Others report different reasons for binge eating: anxiety, stress, feeling unloved, depression, past abuse, traumatic events or loss, and food addiction, to name the most common.

I know all too well how helpless and trapped you feel. You vow to never binge again, get everything out of the house that you would possibly want to binge on… then the opportunity presents itself and you lose control. There were times I would binge up to 5,000kcal in a single day, all while wanting to stop and being so angry at myself for not being able to.

It took me an entire year to overcome BED! What I learned was that binge eating is not a food issue, it’s a mind issue. It’s not the chips or pizza or cake that “makes” you binge, it’s an underlying belief (or beliefs) that you’ve reinforced in your mind.

For example:
“I am such a failure, I might as well embrace it.”
“I am so fat, and it’s because I can’t control my eating.”
“Everything is falling apart and I have no control.”
“Every time this food is in the house, I can’t stop eating it.”
“This is a trigger food, so if I eat it all now I won’t have the temptation tomorrow.”
“Everything is hopeless, I might as well eat myself to death.”

In order to overcome binge eating, the first step is to…

Address and counter destructive beliefs that trigger bingeing!

Whatever your underlying “beliefs” are… whatever crosses your mind when you start a binge… that is the issue, not the food. Trust me, I tried flexible dieting, I tried intuitive eating, I tried cutting out every food I ever binged on, and none of it worked.

When I stopped logging my food in MyFitnessPal (diet tracking app), I actually binged even harder because there was no accountability! It depends though – some report it helpful to stop tracking.

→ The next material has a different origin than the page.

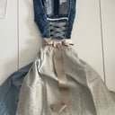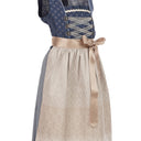 Unser bezauberndes Kinder- und Jugend Dirndl Marina von Isar-Trachten für Mädchen und Teenager ist mit viel Liebe zum Detail gefertigt und wird Ihre Tochter und Sie mit Sicherheit begeistern. Das Oberteil des charmanten Jugenddirndls ist in Dunkelblau gehalten und hat ein zartes, glitzerndes Muster in Silber. Am eckigen Ausschnitt befindet sich eine hübsche Rüsche, die mit einer Perlenbordüre zusätzlich betont wird. Die Miederschnürung wird mit einem Organzaband gebunden, das von schön verzierten altsilbernen Miederhaken gehalten wird. Im Rücken hat das Mädchendirndl einen Reißverschluss. Der Rock des Trachtenkleides ist aus einem fein-gepunkteten Baumwollstoff hergestellt und bildet so einen schönen Kontrast zum Oberteil. Highlight ist hier zusätzlich die graue Schürze mit silber-glitzerndem Ornamentdruck, die das Dirndl perfekt abrundet. Ein zauberhaftes Trachtenkleid für feierliche Anlässe und auch besonders schön für den Besuch beim Volks- oder Oktoberfest.
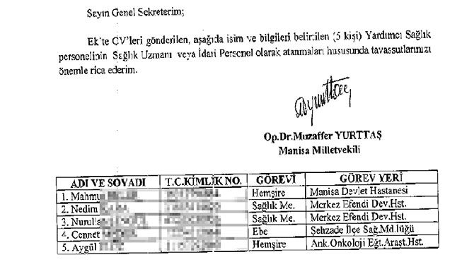 AKP’nin KPSS’ye girmeden devlet kademelerine yerleştirebilmek için kullandığı ‘VIP kadroların’ nasıl tahsis edildiği Manisa’da ortaya çıktı. AKP Manisa Milletvekili Muzaffer Yurttaş, TBMM antetli kağıdıyla “torpil” listesi yaptı. Yurttaş, listesinde yer alan isimlerin ‘uzman’ ya da ‘idari personel’ olarak atanması talimatı veriyor.

Weirdly enough, confiding in others who struggled only made it worse! We ended up enabling and feeding off each other. It’s different if the other person can act more as a mentor and healthy example.

My real breakthrough happened when I addressed my destructive beliefs and negative thought life. Thoughts like “you’re so fat and ugly,” “you have no self control,” “you’re never going to make progress” dominated my mind. I realized that these beliefs were not only making me miserable, but my lack of self worth was negatively affecting my husband and potentially my daughter too. My family deserved a happy wife and mother. And, hard as it was to believe, I deserved happiness! Hard to grasp at the time since I felt so unworthy.

Here’s the thing: you not only deserve happiness… YOU are in control of your happiness. You have the ability to choose the life you want to live. I personally decided I was no longer the person who wallowed in self loathing and self destruction! Which brings me to my next tip…

Choose happiness and reject thoughts and choices that don’t make you happy.

One morning in the pantry, about to start a binge, I paused then declared aloud to myself: “I am not this person anymore!” I realized I had the power to choose happiness and balance, I had self control, I was strong and worthy of love, and I needed to honor and nourish the body God gave me… not abuse and hate it.

From that moment on, I looked for things I liked about myself, rather than focusing on all the things I disliked. I stopped trying to weigh less, and started pursuing overall health and balance instead.

Please, if you’re trying to overcome an eating disorder, it’s vital that you:

Temporarily abandon fitness or weight loss goals!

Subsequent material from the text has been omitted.